認知症に関する勉強会

昨日は、広島県社会保険労務士会が主催した「成年後見人のための研修会」に参加しました。テーマは「知っておきたい精神科疾患の基礎知識」でしたから、成年後見人としての知識としてだけではなく、普段、社会保険労務士として鬱病等の相談を会社から受けるとき、あるいは精神疾患で障害年金手続きの依頼を受けたときに役立つのではないかと考えて参加しました。ましてや、普段はお話しする機会が無い精神疾患の専門医が講師予定者でしたから、是非参加したいと考えていました。

内容はやはり成年後見人用の内容なので「認知症」に関する基礎知識の講演が大半を占めましたが、統合失調症の基礎知識も教授して下さいましたので、実務上、大変参考になりました。

統合失調症とは一昔前までは「精神分裂症」と呼んでいた症状です。普段、企業からの相談でも、偶にですが統合失調症の相談があります。今まで私は「統合失調症とは躁鬱病が進行した状態である」と理解していましたが、

①統合失調症は10代後半から30代前半に発症し易い精神疾患であり(若いときに発症する)、

②統合失調症は100人のうち1人の確立で発症する病気であること(発症する確率が予想より高い)、

③統合失調症には陽性症状、陰性症状、認知障害などの多彩な症状がでること。従って躁鬱病の症状もでること。

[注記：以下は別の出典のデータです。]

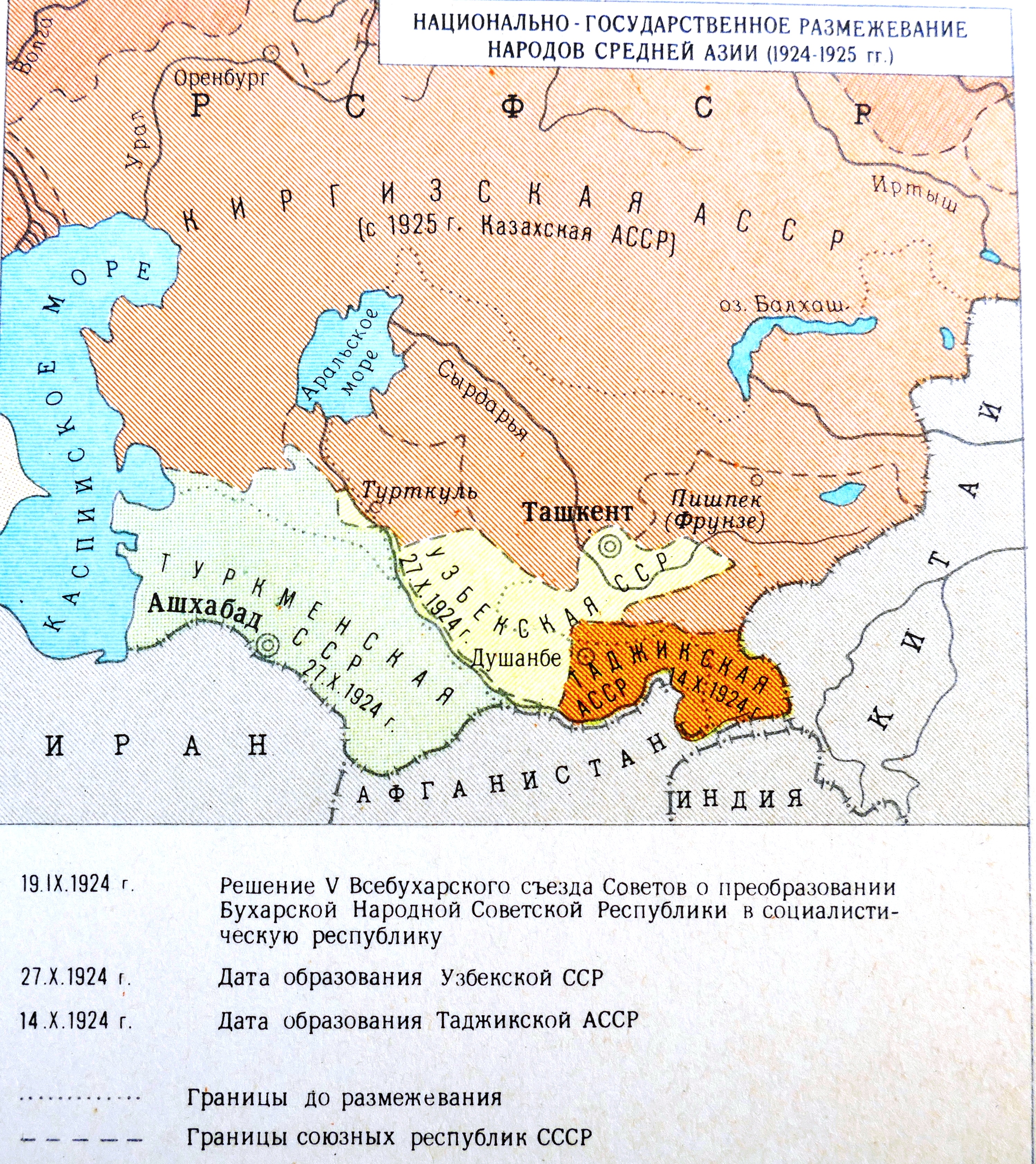 В 1924-1925 годах в Центральной Азии произошел процесс, названный национально-территориальным размежеванием. Суть его заключалась в том, в составе СССР были выделены национальные административно-территориальные единицы, получившие статус союзных и автономных республик, областей и округов.

などが分かり、私の今までの理解「躁鬱病が酷くなったのが統合失調症である」という理解が間違っていたことが分かりました。そして一般的には、一般の人が変だと気付くのは陰性症状が出始めたときであり、陽性症状の段階では気づかないことが多いということも、今後本人やご家族とお話しをするときの参考にすべきことと思いました。

このように専門家から正しい知識を教授して貰った上で過去の私の実務上の体験を振り返ると、みなさんご自分の精神状態の良いときだけ私とお会いされましたから、障害年金の申請書類を作成する情報を聞き出すのに3~4カ月程度かかりましたが、統合失調症の症状としては初期~中期の陽性状態と陰性状態が交互に出る時期に私に相談されていたようです。ただし、単なる躁鬱病と違うナ!!と私が思っていたことは、私の体験上では皆さん幻覚症状があると訴えられていたことです。

一方、昨日の研修のメイン・テーマであった認知症は単なる加齢に伴う物忘れとは違い、

①目の前にいる人と自分との関係を自覚できなくなり、単に名前を思い出せない程度ではない症状になること

②通帳・印鑑・保険証などの置き忘れ・紛失が頻繁になり、置いた場所を思い出せないだけではないこと

③食事したこと自体を記憶できず、単に何を食べたかを思い出せないのではない症状がでること

④約束したことを覚えていないのであり、約束をうっかり忘れてしまうのではないこと

⑤曜日や日付だけでなく、月や季節さえも間違える症状がでること

などに特徴があるそうです。

残念ながら認知症を治したり進行を止める治療方法はまだ開発されていないそうですが、進行を遅くする治療法はあるそうです。

そして認知症には

①アルツハイマー型認知症

②レビー小体型認知症

③前頭側頭型認知症

④脳血管性認知症

と種類があり、アルツハイマー型認知症が50%を占めるそうです。

これらの専門的な基礎知識を専門家から教授して貰いながら、患者さんのMRI画像やCT画像を見せて貰ったときは、脳細胞が死んでが萎縮している状態がよく理解できました。特に、直近のことを記憶する海馬という脳の部分が委縮してほとんど無くなっているMRI画像が印象的でした。だから「認知症の人ができないこと、理解できないこと等を、本人に理解させ、やらせようと思っても、本人にはその為に必要な脳細胞が無い状態なのだから、無理なものは無理です」と専門家が教えてくれたことは大いに参考になりました。

また更に、アルツハイマー型認知症の場合、①発症前期、②初期、③中期、④末期と症状によって分けられ(但し、症状は個人差があるので判定が難しい)、個人差はあるものの平均すると①発症前期から約12年前後で死亡すると専門家が教授してくれたことは私の認識を改めることになりました。私は今まで認知症と死亡時期とは余り関係が無いことと理解していましたが、よく冷静に考えれば、認知症は脳細胞が死に脳が委縮していく訳ですから、いずれは認知症が原因で死亡することになるのは当たり前の話しだと思います。ただし、この専門家が言うには『日本では認知症と認定されて5~6年で死亡するケースが多いので、認知症と気づく時期が遅いのではないか?」と警告していたことが耳に残りました。

会社では躁鬱症の従業員が増え、また社会的には高齢者が増えている昨今の状況なので、今回の研修会は大いに参考になりました。